**Directions:** Output, exactly and with no pictures, the line that contains "White Floral Printed" and every line that comes after it in the data below, the last one included.
::::
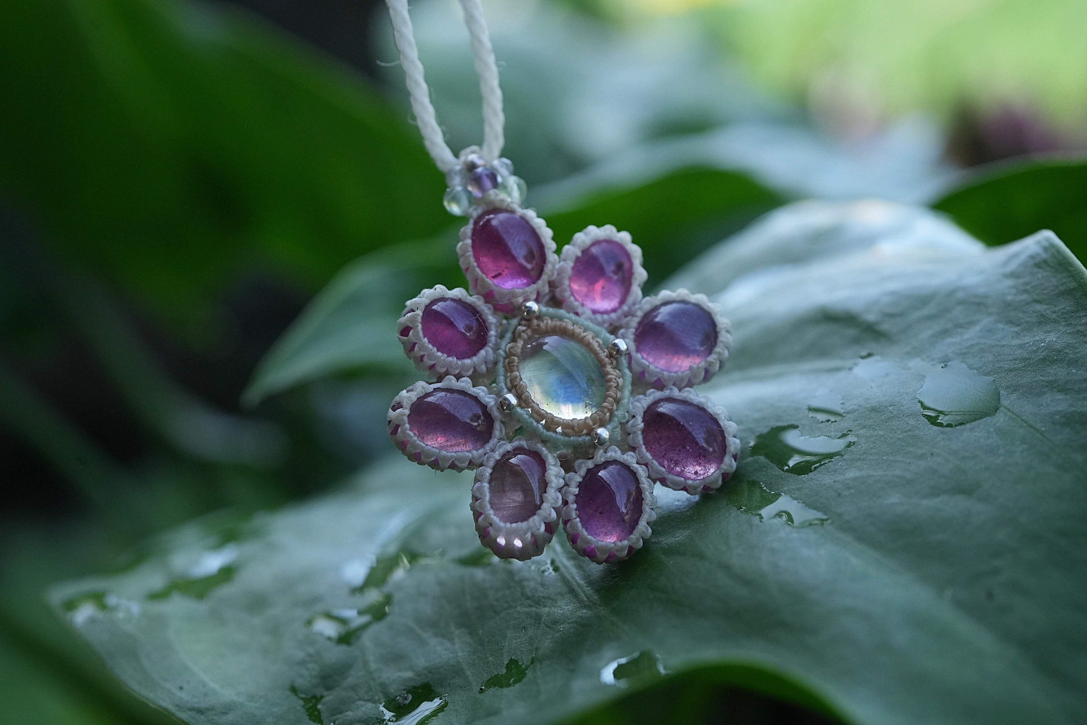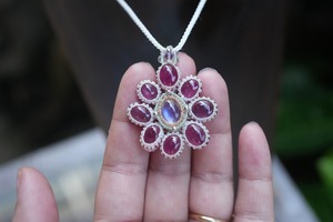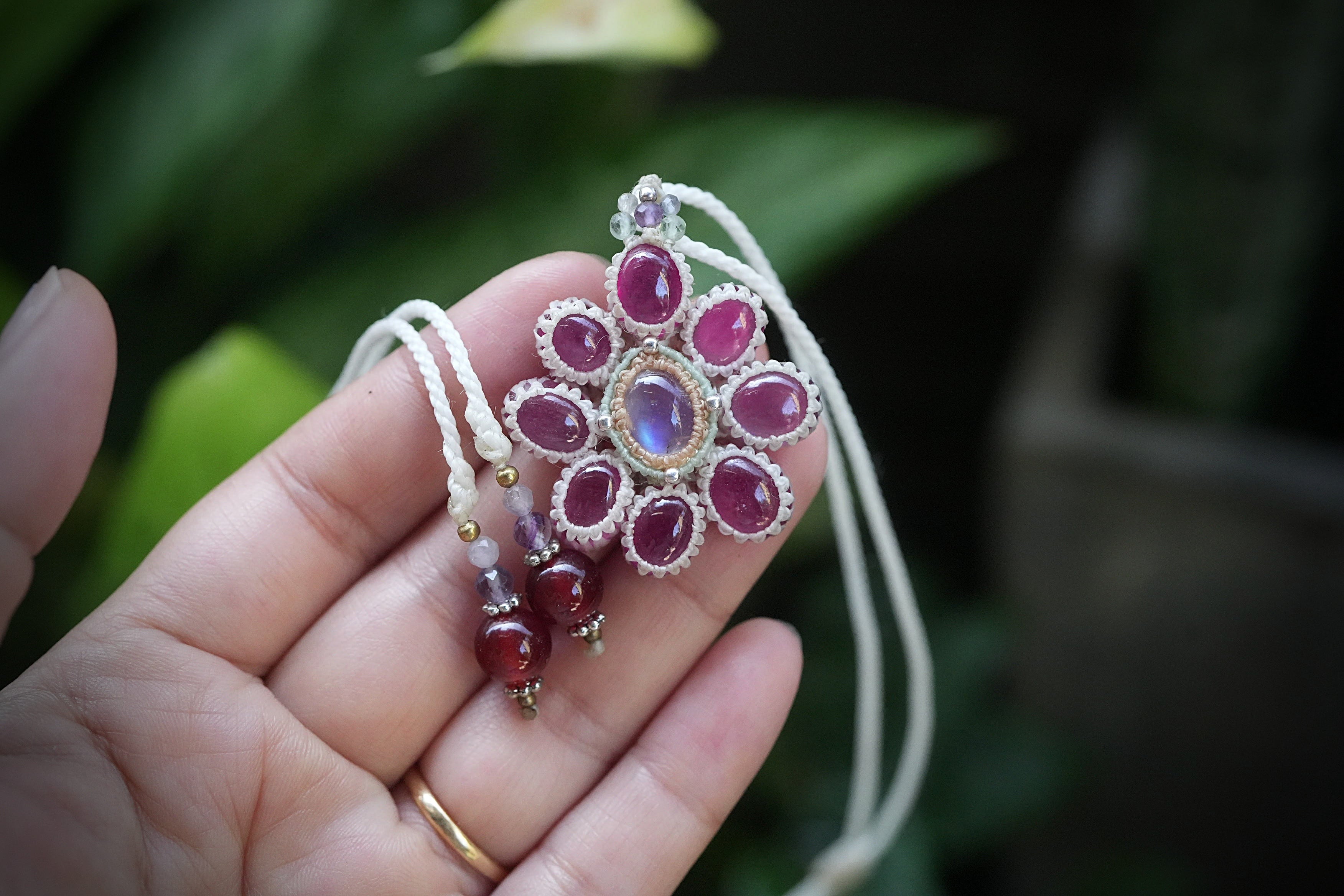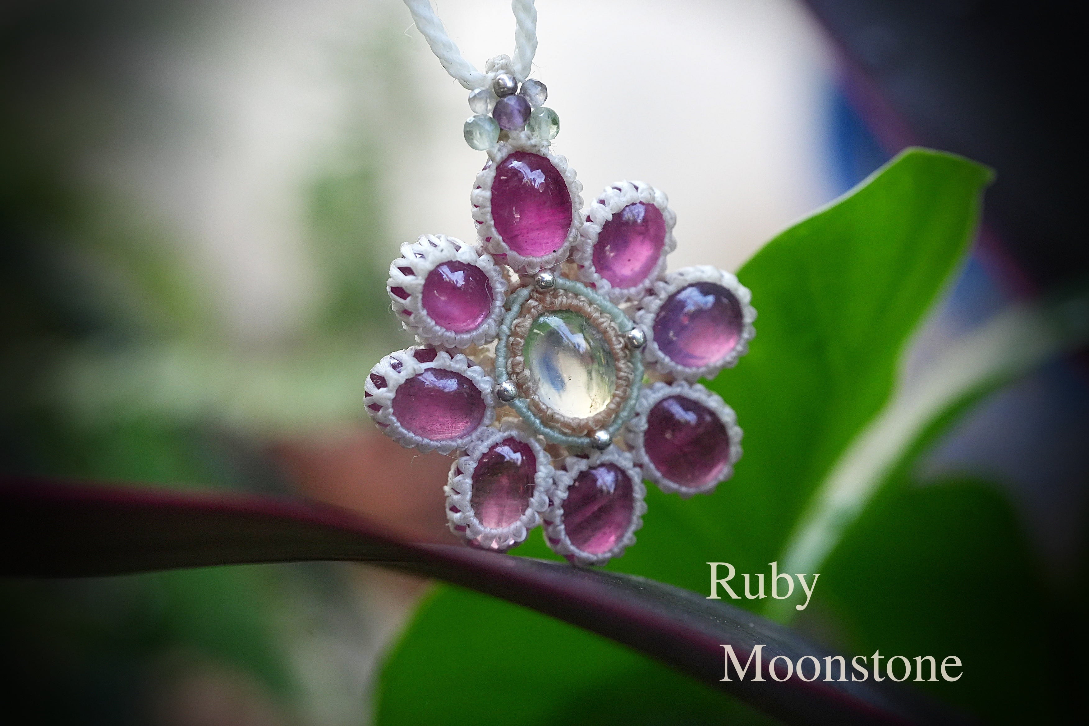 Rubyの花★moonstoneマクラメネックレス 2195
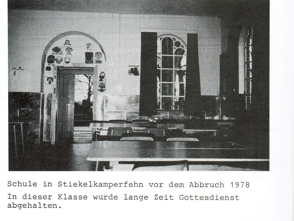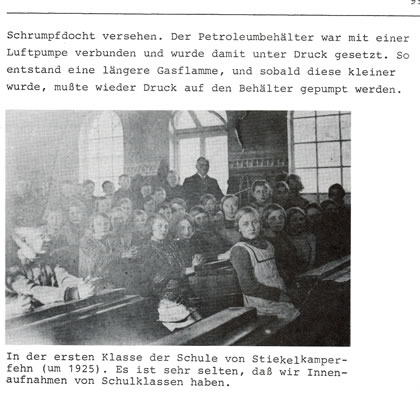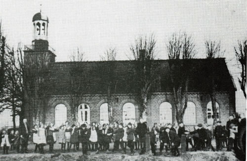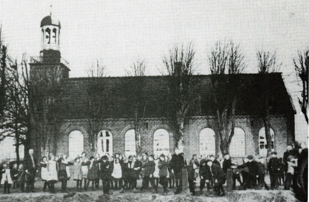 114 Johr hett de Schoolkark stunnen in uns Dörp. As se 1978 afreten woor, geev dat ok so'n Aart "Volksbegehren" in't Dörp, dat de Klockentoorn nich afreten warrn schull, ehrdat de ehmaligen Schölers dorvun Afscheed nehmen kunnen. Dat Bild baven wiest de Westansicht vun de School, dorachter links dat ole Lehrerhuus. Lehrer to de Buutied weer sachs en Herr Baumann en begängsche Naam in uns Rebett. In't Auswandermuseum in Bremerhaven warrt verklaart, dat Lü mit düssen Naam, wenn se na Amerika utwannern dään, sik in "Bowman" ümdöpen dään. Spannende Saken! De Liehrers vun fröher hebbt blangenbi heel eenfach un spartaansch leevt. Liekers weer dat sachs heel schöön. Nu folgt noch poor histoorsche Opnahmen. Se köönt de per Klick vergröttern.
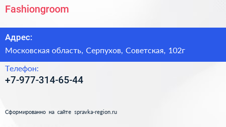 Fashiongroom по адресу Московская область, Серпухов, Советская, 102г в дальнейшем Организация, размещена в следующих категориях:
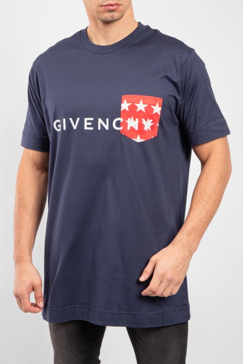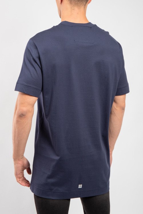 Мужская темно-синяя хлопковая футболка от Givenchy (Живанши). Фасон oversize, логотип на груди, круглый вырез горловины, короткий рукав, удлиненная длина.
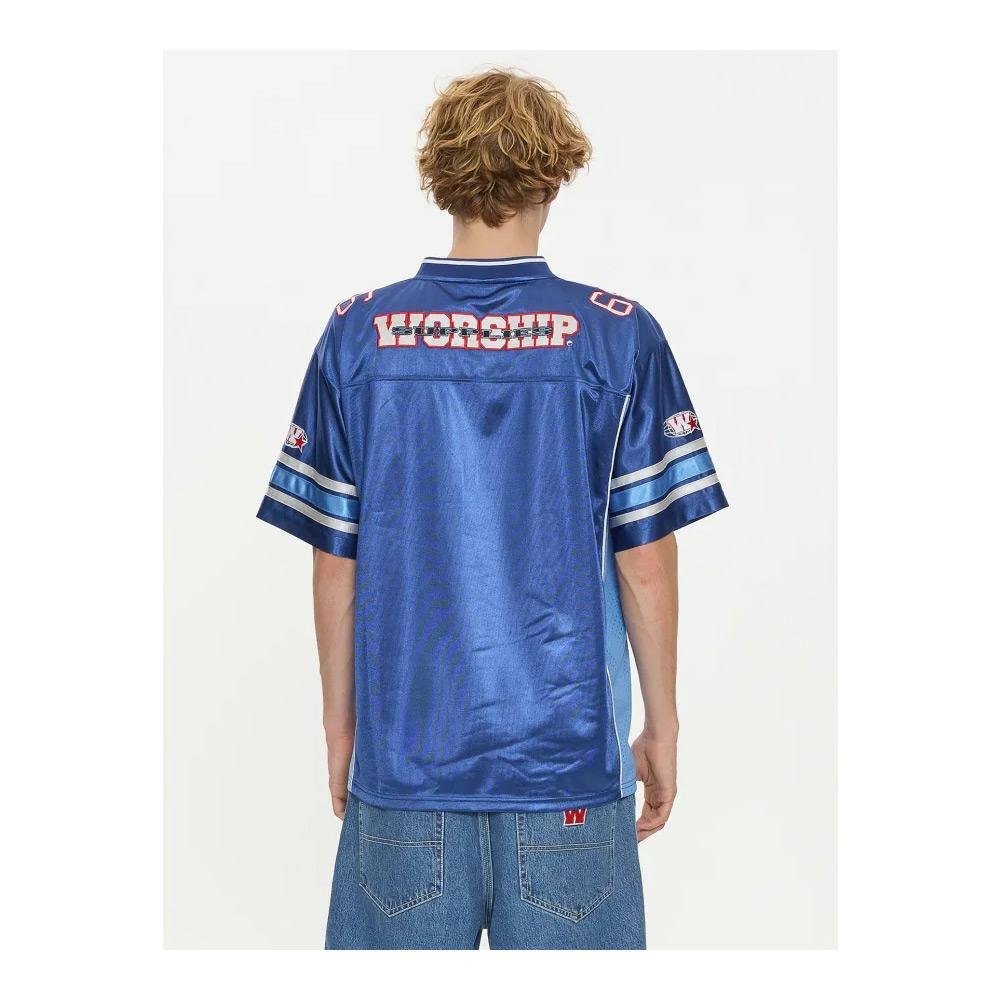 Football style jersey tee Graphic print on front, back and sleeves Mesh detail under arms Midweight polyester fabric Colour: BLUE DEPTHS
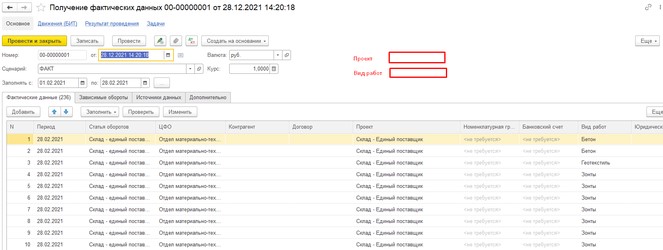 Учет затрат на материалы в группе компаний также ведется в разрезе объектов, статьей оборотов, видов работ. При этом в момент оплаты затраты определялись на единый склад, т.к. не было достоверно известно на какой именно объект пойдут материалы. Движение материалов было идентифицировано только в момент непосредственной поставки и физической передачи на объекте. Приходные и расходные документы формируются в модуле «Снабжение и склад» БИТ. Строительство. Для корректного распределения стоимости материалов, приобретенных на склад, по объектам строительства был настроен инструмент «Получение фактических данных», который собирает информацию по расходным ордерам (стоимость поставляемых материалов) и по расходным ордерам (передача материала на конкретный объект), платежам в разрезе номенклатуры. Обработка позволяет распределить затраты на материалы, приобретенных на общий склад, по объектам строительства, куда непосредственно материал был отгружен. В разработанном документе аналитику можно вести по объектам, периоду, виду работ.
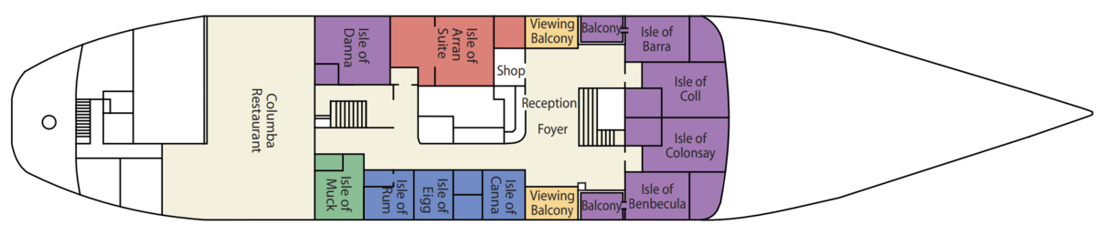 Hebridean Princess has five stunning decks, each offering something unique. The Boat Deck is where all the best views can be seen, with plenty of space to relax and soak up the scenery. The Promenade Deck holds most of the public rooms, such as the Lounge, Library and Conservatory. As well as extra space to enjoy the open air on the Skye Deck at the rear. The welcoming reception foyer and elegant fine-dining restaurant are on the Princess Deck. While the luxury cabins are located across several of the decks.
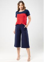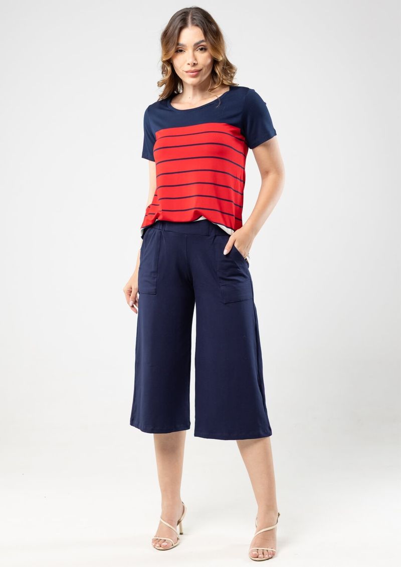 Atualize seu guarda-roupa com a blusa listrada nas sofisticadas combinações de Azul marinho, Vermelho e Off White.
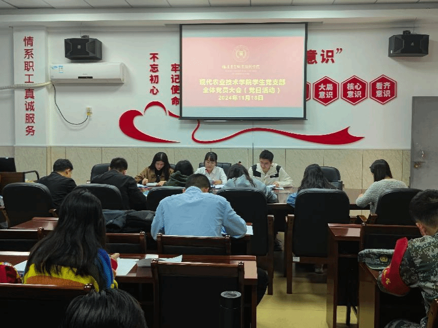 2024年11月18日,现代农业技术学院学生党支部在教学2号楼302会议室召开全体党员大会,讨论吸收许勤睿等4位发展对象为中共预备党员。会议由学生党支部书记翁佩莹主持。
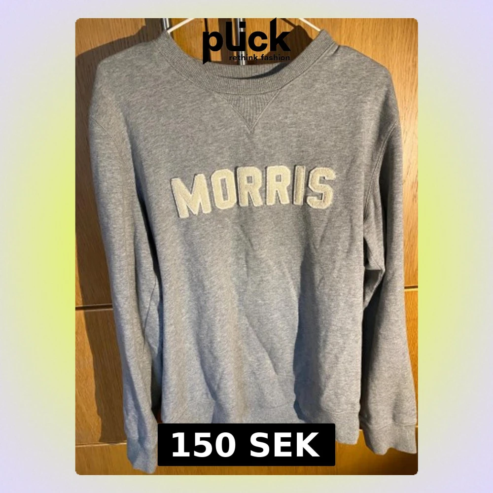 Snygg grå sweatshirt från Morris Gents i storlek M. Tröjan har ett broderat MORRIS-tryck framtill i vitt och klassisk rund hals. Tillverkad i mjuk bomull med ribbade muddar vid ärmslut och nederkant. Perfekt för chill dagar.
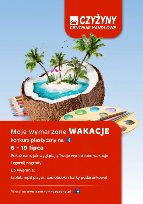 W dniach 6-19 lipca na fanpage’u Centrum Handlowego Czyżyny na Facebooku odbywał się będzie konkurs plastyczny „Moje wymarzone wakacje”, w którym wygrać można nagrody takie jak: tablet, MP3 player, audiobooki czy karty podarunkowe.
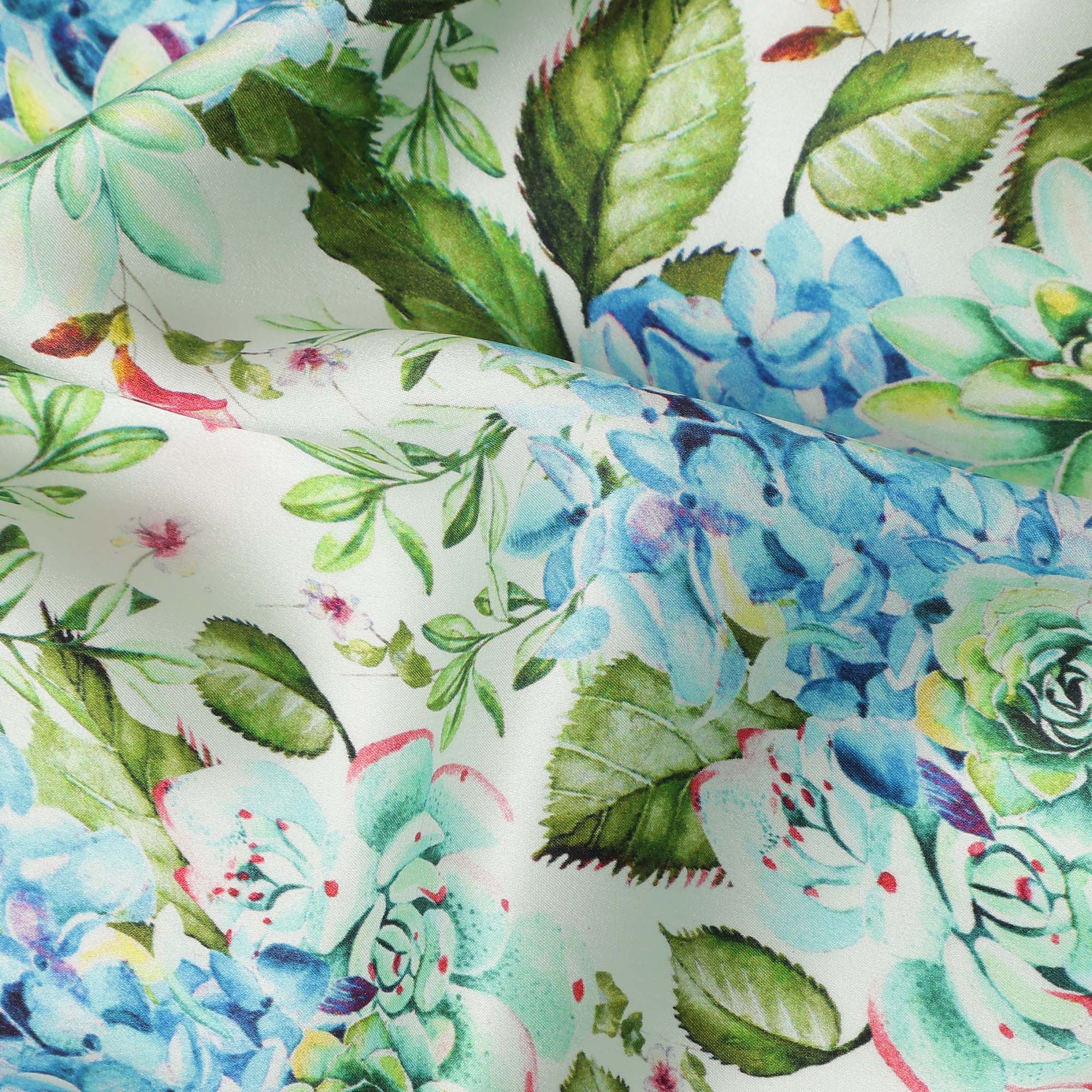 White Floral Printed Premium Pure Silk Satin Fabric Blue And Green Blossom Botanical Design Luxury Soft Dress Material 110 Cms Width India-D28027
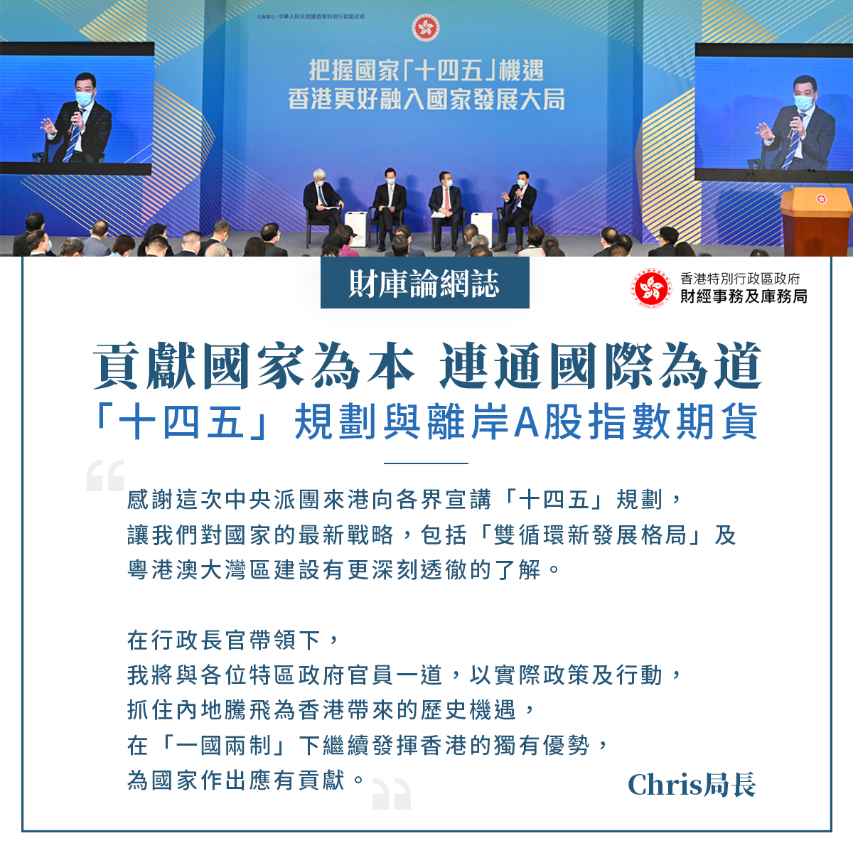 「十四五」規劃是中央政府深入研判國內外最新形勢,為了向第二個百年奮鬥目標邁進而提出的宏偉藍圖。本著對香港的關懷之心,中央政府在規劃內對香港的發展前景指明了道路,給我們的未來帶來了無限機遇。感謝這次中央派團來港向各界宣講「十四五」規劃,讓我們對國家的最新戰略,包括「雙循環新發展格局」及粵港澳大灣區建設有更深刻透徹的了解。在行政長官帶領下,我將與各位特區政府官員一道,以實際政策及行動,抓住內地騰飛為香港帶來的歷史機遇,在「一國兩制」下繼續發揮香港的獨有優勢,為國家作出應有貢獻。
::::
**Result for this task:**
 White Floral Printed Premium Pure Silk Satin Fabric Blue And Green Blossom Botanical Design Luxury Soft Dress Material 110 Cms Width India-D28027
 「十四五」規劃是中央政府深入研判國內外最新形勢,為了向第二個百年奮鬥目標邁進而提出的宏偉藍圖。本著對香港的關懷之心,中央政府在規劃內對香港的發展前景指明了道路,給我們的未來帶來了無限機遇。感謝這次中央派團來港向各界宣講「十四五」規劃,讓我們對國家的最新戰略,包括「雙循環新發展格局」及粵港澳大灣區建設有更深刻透徹的了解。在行政長官帶領下,我將與各位特區政府官員一道,以實際政策及行動,抓住內地騰飛為香港帶來的歷史機遇,在「一國兩制」下繼續發揮香港的獨有優勢,為國家作出應有貢獻。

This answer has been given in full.